"Why do you have to negate everything?" she says with a dark sadness filling her eyes.
What do I say to this? I have never really known the answer.I've asked this pergunta of myself so many times.I really do want her to be happy.
"I don't know." I finally say to her.
She is so raw in this moment. The baggy clothes hide her taut form, and her makeup is all gone except for a few traces of mascara. She looks like she wants to yell some more. She looks like she wants to cry some more... She looks confused. She thought I would say something else. She thought I'd make another jackass retort. She realizes that I'm being honest with her. She wasn't expecting this.
In this moment, I want her mais than I ever have. I know I shouldn't keep coming closer. I know I should stop this spontaneous action that on any other dia I would never consider, but I can't stop myself I'm already against her. My mouth aches from this reunion with her own soft lips. She pulls down on my bottom lip, and my tongue finds refuge against hers. I can feel her hand on my ear as she pulls me further down to meet her. She wants me in a way that is different from that time before. This isn't about meaningless lust this is about something pure and real...and I have to stop.
"Goodnight." I say as I pull away from her and walk steadily out the door.
I hear her say goodnight as I let the door shut behind me. There is no way I'll get to sleep tonight.
What do I say to this?
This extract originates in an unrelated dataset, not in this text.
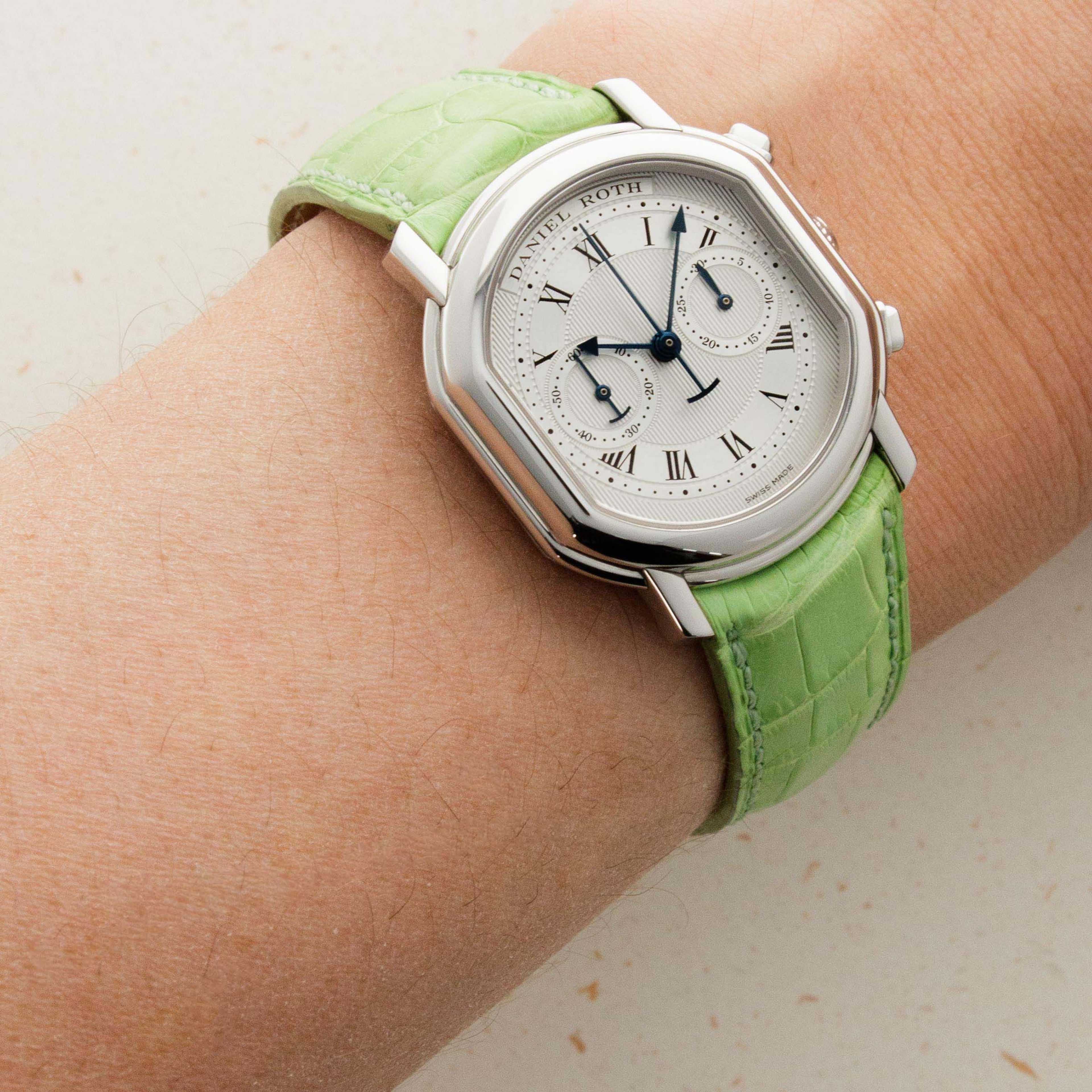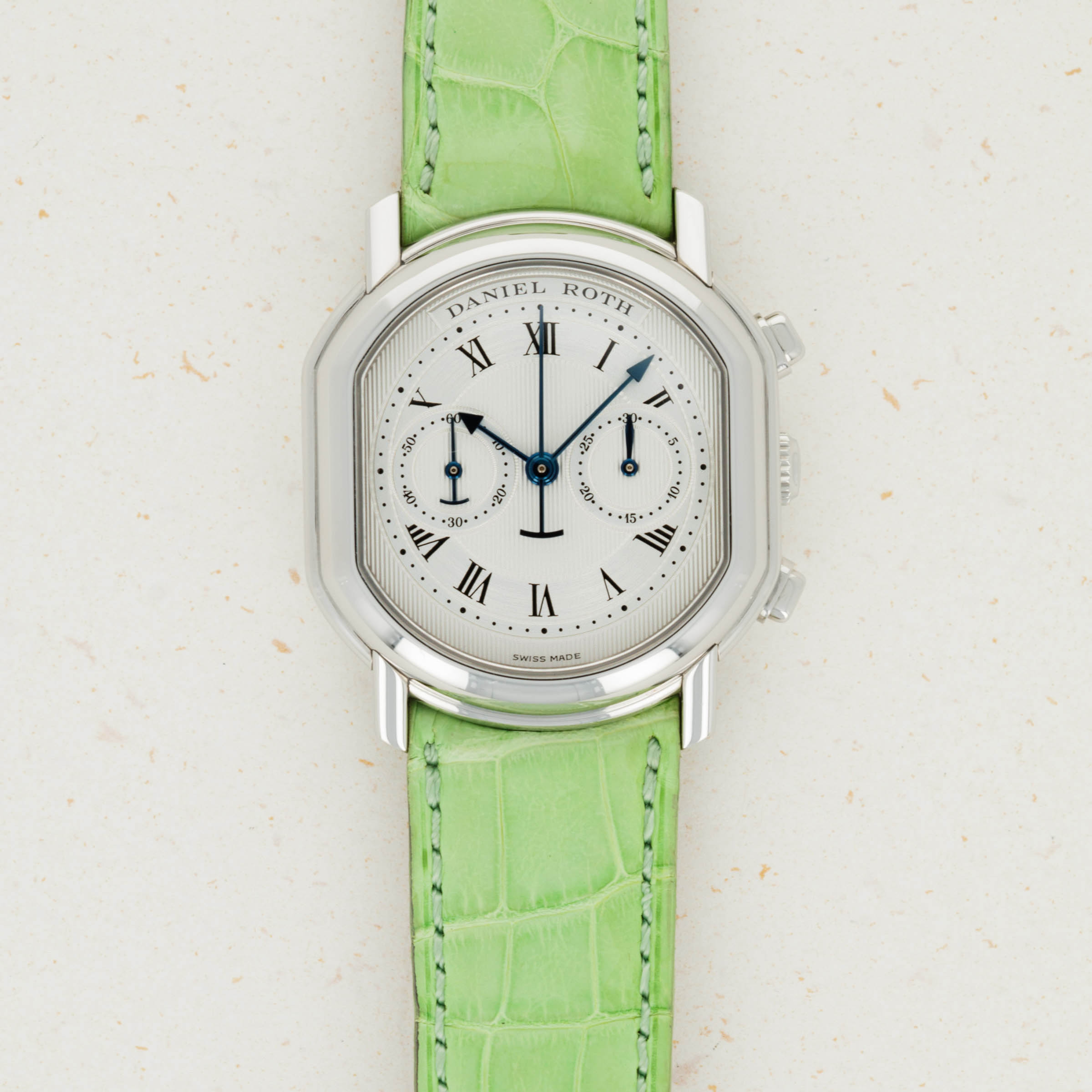 Featuring Daniel Roth's signature ellipsocurvex-shaped case, this example is unapologetic in its distinctive styling and uncompromising wrist presence.

I have never really known the answer.I've asked this pergunta of myself so many times.I really do want her to be happy.
"I don't know." I finally say to her.
She is so raw in this moment. The baggy clothes hide her taut form, and her makeup is all gone except for a few traces of mascara. She looks like she wants to yell some more. She looks like she wants to cry some more... She looks confused. She thought I would say something else. She thought I'd make another jackass retort. She realizes that I'm being honest with her. She wasn't expecting this.
In this moment, I want her mais than I ever have. I know I shouldn't keep coming closer. I know I should stop this spontaneous action that on any other dia I would never consider, but I can't stop myself I'm already against her. My mouth aches from this reunion with her own soft lips. She pulls down on my bottom lip, and my tongue finds refuge against hers. I can feel her hand on my ear as she pulls me further down to meet her. She wants me in a way that is different from that time before. This isn't about meaningless lust this is about something pure and real...and I have to stop.
"Goodnight." I say as I pull away from her and walk steadily out the door.
I hear her say goodnight as I let the door shut behind me. There is no way I'll get to sleep tonight.
I just read that in the Season 6 finale of House, that a French actor will play House's SON!!! Why oh why I ask must the writers continue to crush the Huddy shipper! First Cuddy/Lucas and a happy family with baby Rachel and now this!! I mean a son? Where the hell did he come from? I guess House's days of sleeping with hookers finally caught up with him. This confirms my worst fears that there is no hope EVER for a Huddy baby. I don't know if the spoiler is a confirmed one or not, but GY had no comment when asked if this was true. I read this at iwatchforcuddy.livejournal.com Check it out guys and pray that its not true.